Another thing for me is when I get peckish…raiding the cupboards to fill that space. (This is also true when emotional, tired or bored!) So, what I do is make sure I have snacks in for me that aren’t too bad and having a treat box. I have oatcakes, rice cakes, healthier crisps, popcorn, Nakd bars and of course some dairy free chocolate.

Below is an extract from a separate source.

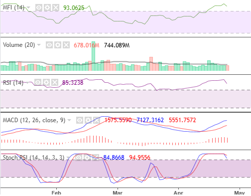 The indicators aligned with the overall bullish sentiment. MACD transitioned into a bullish signal, gaining strong momentum. Stochastic closed at an equilibrium, indicating that investors should be cautious, as the market can pull back anytime. MFI and RSI indicated high liquidity and momentum.
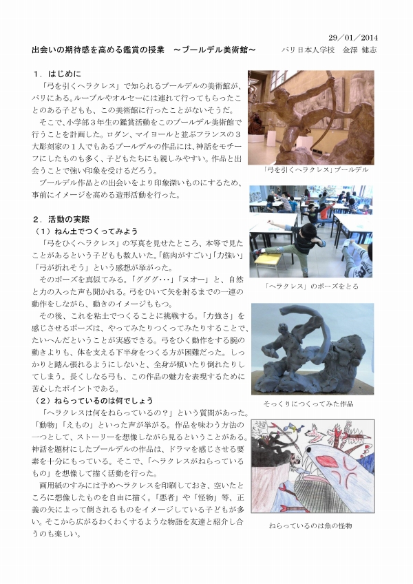 ・ そんな中でうれしいメールが届いた。パリ日本人学校で教鞭をとっておられる金澤健史先生からの近況報告メールが届いた。

When we get peckish it’s very easy to reach for anything or go and buy a treat but when we are hungry, we are more likely to buy something ‘naughty’.
I’d just say that whatever ‘diet’ or exercise regime you follow, be kind to yourself, maybe set yourself goals but realistic ones, allow yourself treats and consider making a small change such as using smaller bowls and plates.
I admire those who are body confident whatever shape or size they are! I was getting there not long before I was pregnant with my first born, but now both pregnancies have left their marks the confidence has slipped away. I’m curious what makes people especially women feel body confident or sexy? Does it come from what others say? Is it how we feel? Is it an inbuilt confidence?